A ofensiva geopolítica do Papa Leão XIV na África e o confronto com Donald Trump por Giancarlo Gouveia

A recente viagem do Papa Leão XIV ao continente africano constitui um marco relevante no campo da geopolítica contemporânea. Ao percorrer Argélia, Camarões, Angola e Guiné Equatorial, o pontífice reposiciona a Santa Sé como um ator normativo ativo no sistema internacional, atuando simultaneamente como mediador simbólico, crítico da ordem global e agente de influência no Sul Global.

A escolha desses destinos não foi aleatória: tratam-se de Estados inseridos em contextos de fragilidade institucional, disputas por recursos estratégicos e crescente interesse de potências externas, o que confere à visita um caráter profundamente político.

Em Camarões, a atuação papal dialogou diretamente com a crise interna e com as tensões decorrentes do conflito anglófono, ao enfatizar a necessidade de reconciliação e rejeição da violência. Esse posicionamento evidencia uma tentativa de articular princípios morais universais com desafios concretos de governança, aproximando o discurso religioso de uma crítica estrutural às elites políticas locais. Em Angola, país central na geopolítica energética africana, o Papa avançou ao denunciar a concentração de riqueza e as desigualdades sociais, inserindo sua fala em uma crítica mais ampla ao neocolonialismo e à lógica extrativista que historicamente marca a inserção africana na economia global.

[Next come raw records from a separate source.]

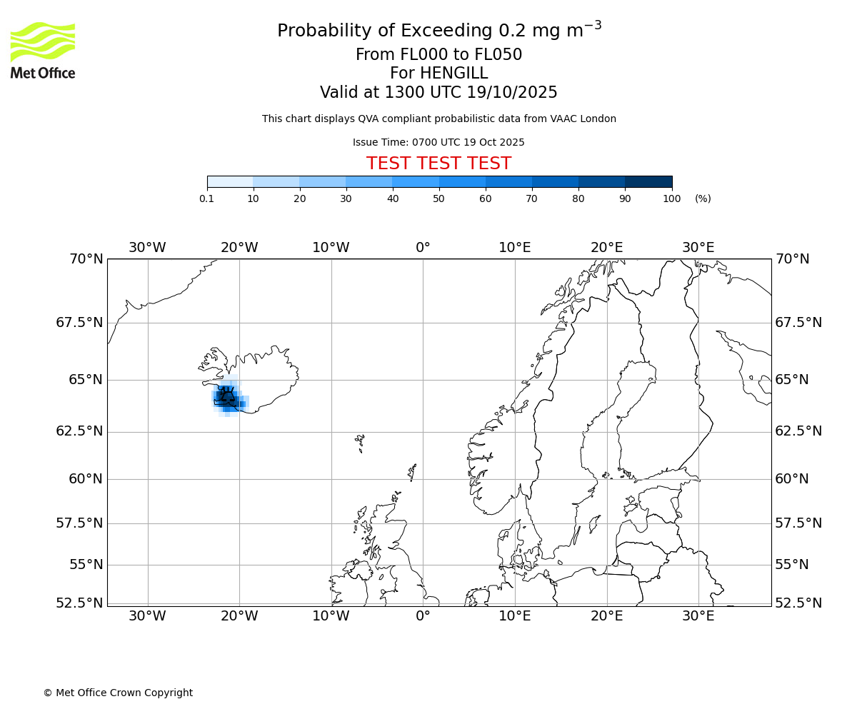 Modelled ash concentration from 000 to 200 for HENGILL. Valid at 1300 UTC 19/10/2025
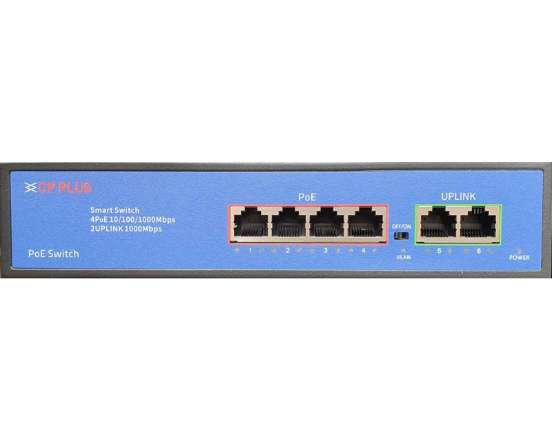 PoE switch * 4 x 10/100/1000 Mbps LAN PoE port * 2 x 1000 Mbps uplink port * IEEE 802.3af/at, max. 30W na jeden PoE port * Přenosová vzdálenost pro kamery až 100m * 2KV přepěťová a 1.5KV ESD ochrana * Napájení vestavěným zdrojem 100-240V AC, 50/60Hz * Provozní teplota -10 až 50°C * Spotřeba do 5W * Rozměry 202 x 140 x 45 mm * Hmotnost 700 g * Diody signalizující napájení PoE i připojení portu * Barva černo modrá *
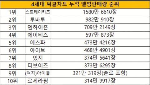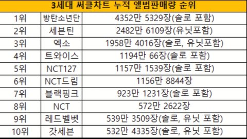 케이팝그룹 앨범 누적 판매량 TOP10
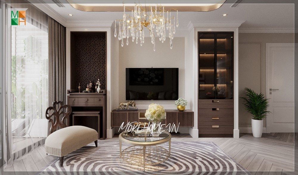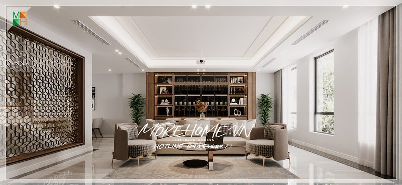 Công trình thi công đồ nội thất tân cổ điển đẹp, sang trọng cho phòng khách biệt thự FLC Thanh Hóa
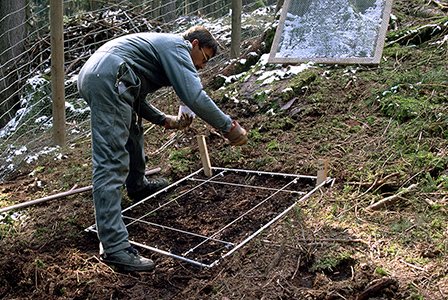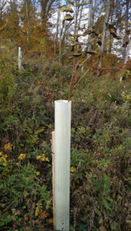 Abb. 7. Direktaussaat von Nussbaum mit Schutz. Foto: J. Boss
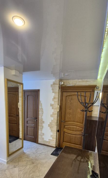 Гостиная: встроенные шкафы купе с зеркальными дверьми, диван кожаный раскладной, стол раздвижной 4 стула.
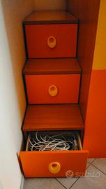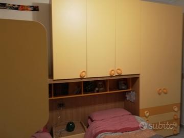 camera completa di tre letti di cui due non fissi accessoriati con ruote con freno reti a doghe in legno e materassi Dorelan ancora in ottime condizioni. Comodino vano porta giochi e sponda tutti accessori .le ante e cassetti auto frenanti . Il letto in alto si raggiunge da una scala anch'essa con cassetti auto frenanti e un grande vano porta giochi o coperte . Vendo per cambio arredo
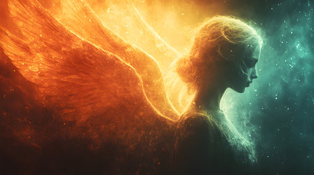 Angel woman with wings and fire background, 3d render illustration.
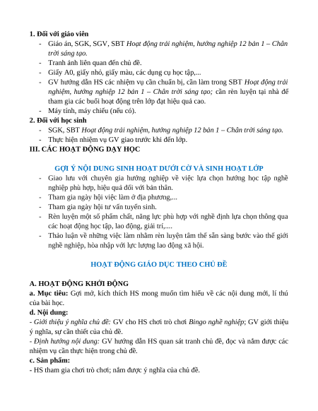 - Giáo án, SGK, SGV, SBT Hoạt động trải nghiệm, hướng nghiệp 12 bản 1 – Chân trời sáng tạo.

Já na Guiné Equatorial, a visita assumiu contornos mais ambíguos, uma vez que, ao mesmo tempo em que denunciou desigualdades, gerou críticas de setores oposicionistas que interpretaram sua presença como potencial legitimação de um regime autoritário consolidado. Esse episódio revela um dos dilemas centrais da diplomacia vaticana: como engajar-se politicamente em contextos sensíveis sem reforçar estruturas de poder contestadas.

A passagem pela Argélia, por sua vez, reforça o papel estratégico do Norte da África no contexto ampliado do Sahel e das dinâmicas de segurança internacional, especialmente no que diz respeito ao terrorismo, fluxos migratórios e rivalidades geopolíticas entre potências globais. Nesse sentido, o Papa reforçou o eixo do diálogo inter-religioso como instrumento de estabilização, ao mesmo tempo em que buscou projetar a Igreja como ponte diplomática entre diferentes civilizações e sistemas políticos. Tal postura revela uma tentativa deliberada de reposicionar o Vaticano como ator relevante em um cenário internacional marcado pela crise do multilateralismo e pela fragmentação da governança global; sobretudo, no cenário norte-africano de crescimento exponencial do Islam.

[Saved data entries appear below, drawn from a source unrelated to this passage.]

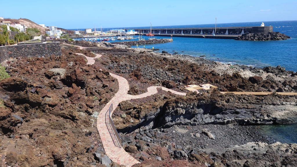 Framme vid parkeringen i La Restringa vid 13-tiden. Det är full sol och blåser kraftigt. Vi ställer bilen så det blir lä på höger långsida. Vi gör lunch och går sedan en promenad mot hamnen. Bra badstrand från lavaklipporna med stege ner och promenadstråk byggda av trä.
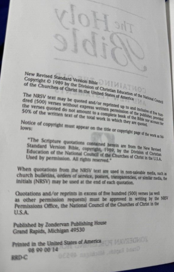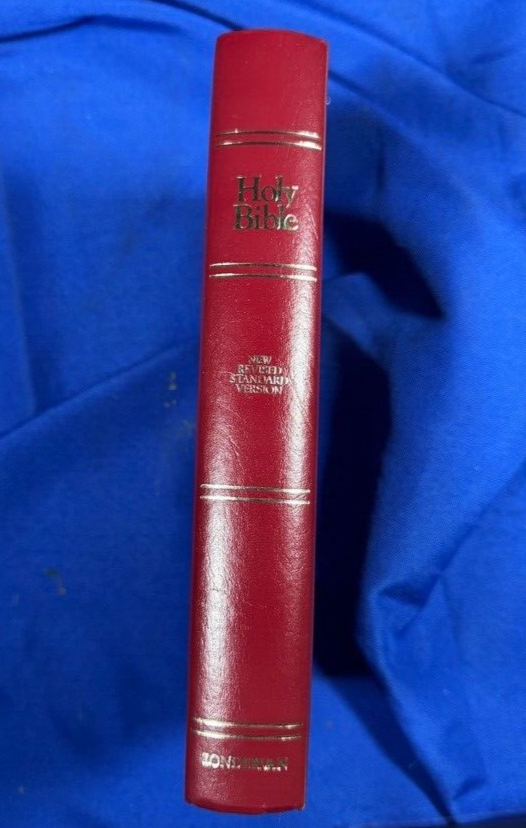 The product is a vintage 9" hardcover Bible published by Zondervan in 1989. It includes both the New and Old Testament in English, . The Bible features a leather-bound cover with gold leaf detailing, and has a total of 1010 pages. This edition is the New Revised Standard version and is intended for a wide audience, including young adults, and adults interested in religious and spiritual literature.
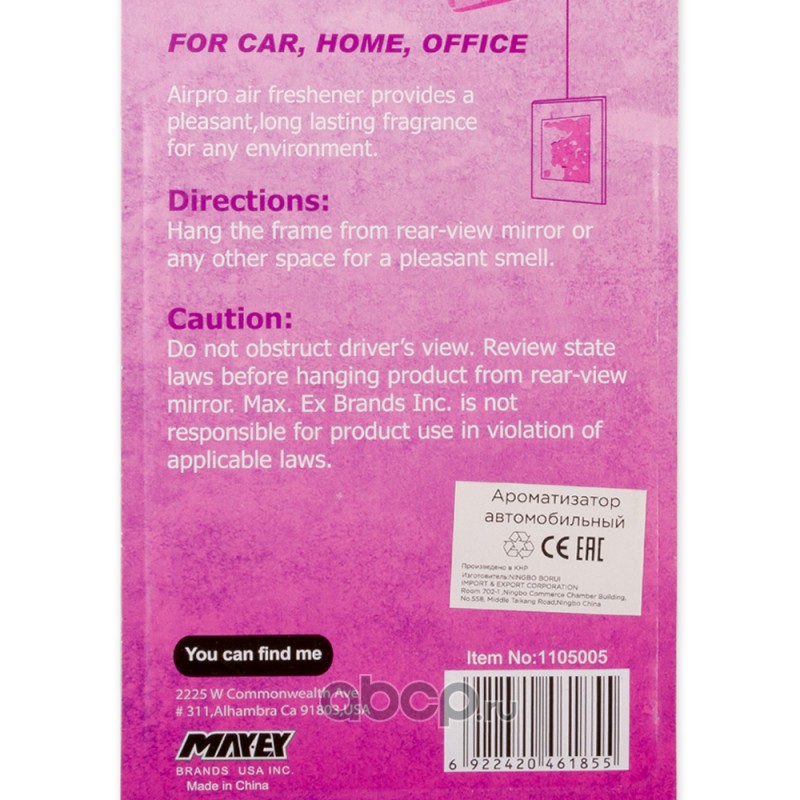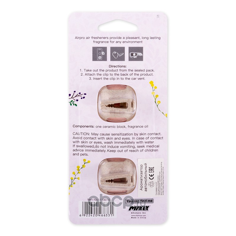 | Airpro | 1105005 | Ароматизатор Little Angel пропитанный пластинка цветочный AIRPRO | ||
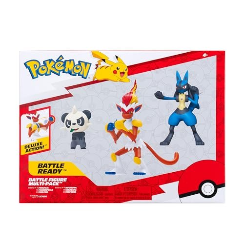 ICONIC POKÉMON: Pack includes 2-inch Pancham, 3-inch Lucario, and 4.5-inch Infernape
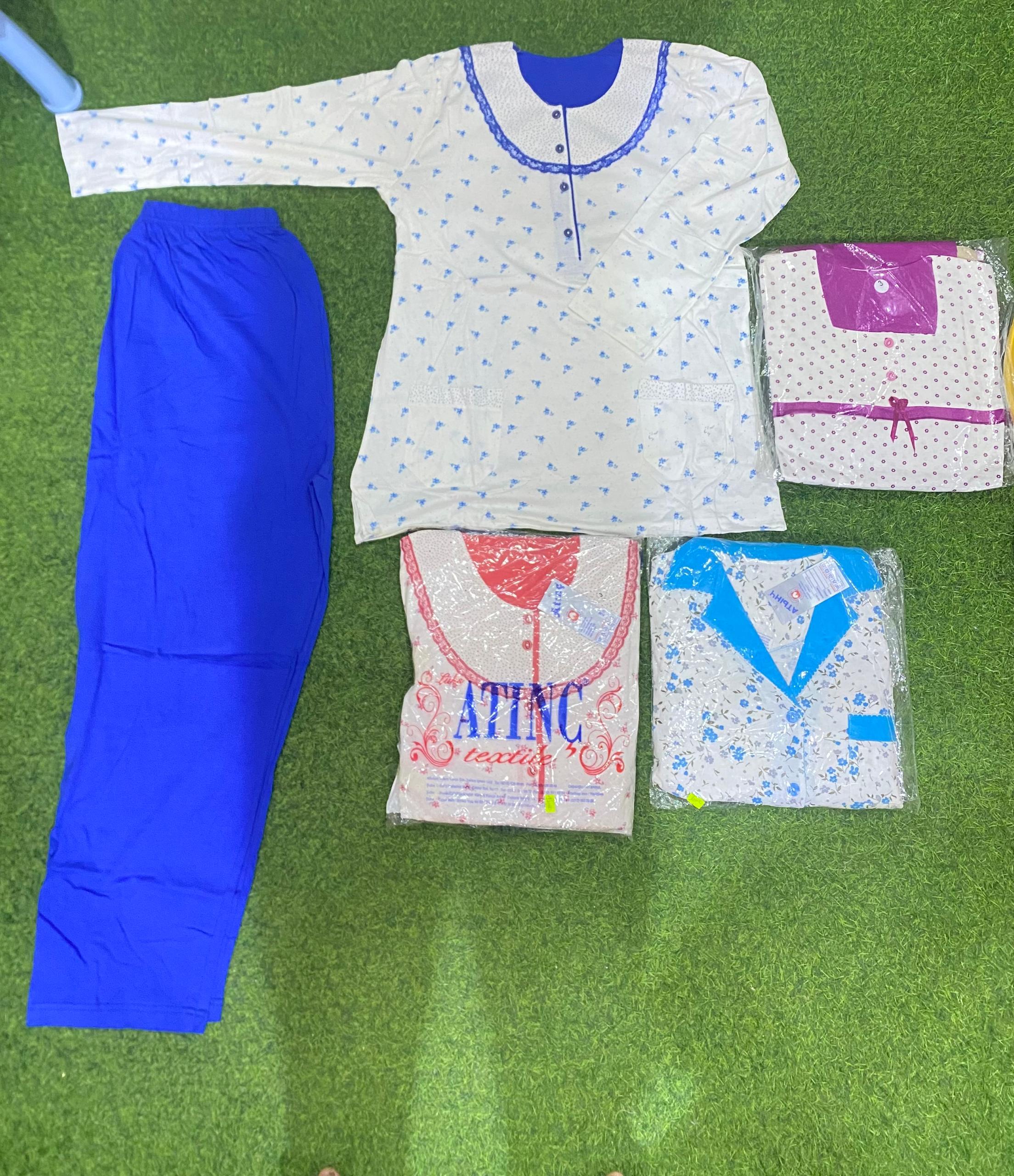 – Ensemble 1 : Haut blanc avec motifs floraux bleus, col arrondi avec boutons et bas bleu assorti.

Um dos aspectos mais significativos da viagem foi a inflexão no tom discursivo do pontífice, que abandonou uma postura mais cautelosa para adotar uma retórica assertiva e crítica. Ao denunciar autoritarismo, desigualdade, exploração econômica e o uso instrumental da religião para justificar conflitos, o Papa assume a posição de “empreendedor normativo”, disputando diretamente as narrativas que estruturam o sistema internacional. Essa mudança de postura torna-se ainda mais evidente quando analisada à luz do atrito com o presidente americano, Donald Trump, ocorrido paralelamente à viagem. As críticas papais à guerra envolvendo o Irã e ao uso político da religião foram interpretadas por Trump como um ataque direto, desencadeando uma troca de declarações que extrapola o plano pessoal e revela uma clivagem mais profunda entre duas visões de ordem internacional.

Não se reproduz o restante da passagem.